2. Plate file list. This file contains three tab-separated columns with a header row listing “Filename,” “Plate,” and “Replicate.” Filenames correspond to each plate file. The plate column defines which plate in the plate configuration file the data correspond to. The replicates column defines, which replicate a plate represents. See the CellHTS2 documentation for further information.

3. Plate configuration file. The first line defines the number of wells in each plate (e.g., “Wells: 384”). The second line defines the number of plates in the library (e.g., “Plates: 3”). The third line is a header associated with the subsequent columns (e.g., “Plate,” “Well,” “content”). The remaining lines define the wells containing samples and controls. An asterisk character (*) can be used to mean “all plates or wells.” E.g., “* * sample” indicates that the all plates and all wells are “sample” unless otherwise stated.
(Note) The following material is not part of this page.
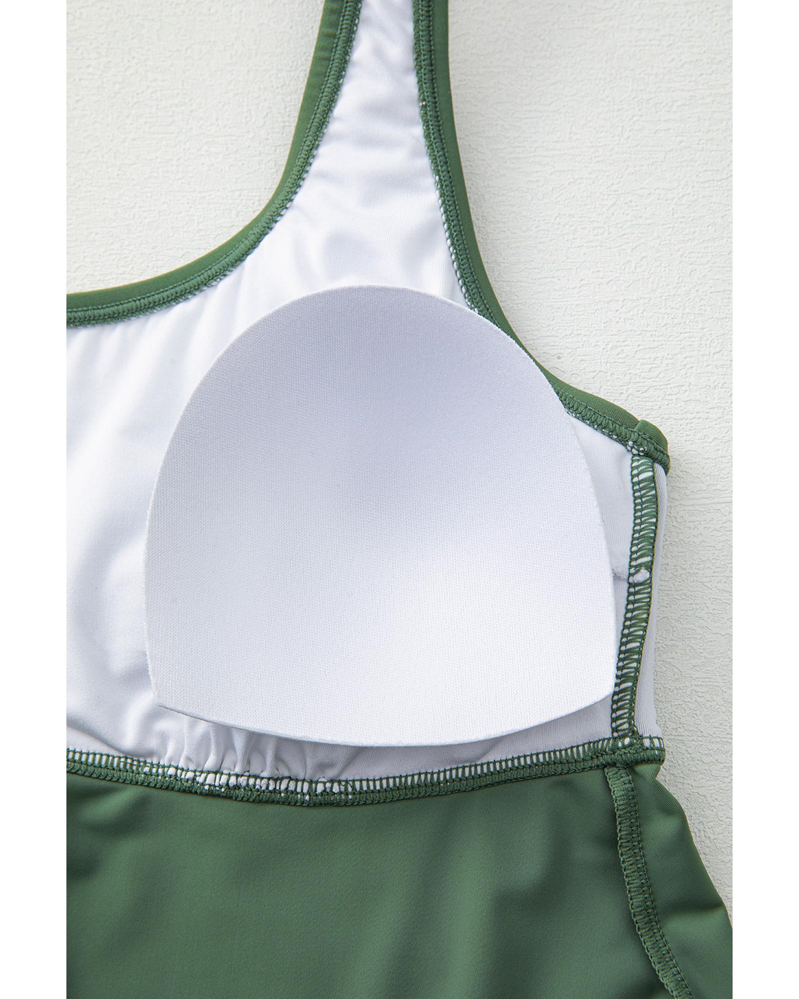- Mist Green Scoop Neck Adjustable Tankini and Matching Skort Bathing Suit

Subsequent more specific lines update the contents of other wells. E.g. “* [A-P]01 empty” indicates that on all plates (*), every row ([A-P]) of the first column (01) is marked as “empty.” When defining wells as containing controls, ensure the case of the text used matches that used elsewhere. For further details on the plate configuration file, see the cellHTS2 documentation.

4. Plate annotation file. Contains at least three columns with a header. The first two columns list the plate and well IDs used in the library. The third and subsequent columns list annotations (such as the ID of the gene targeted by an siRNA). For further details on the plate configuration file, see the cellHTS2 documentation.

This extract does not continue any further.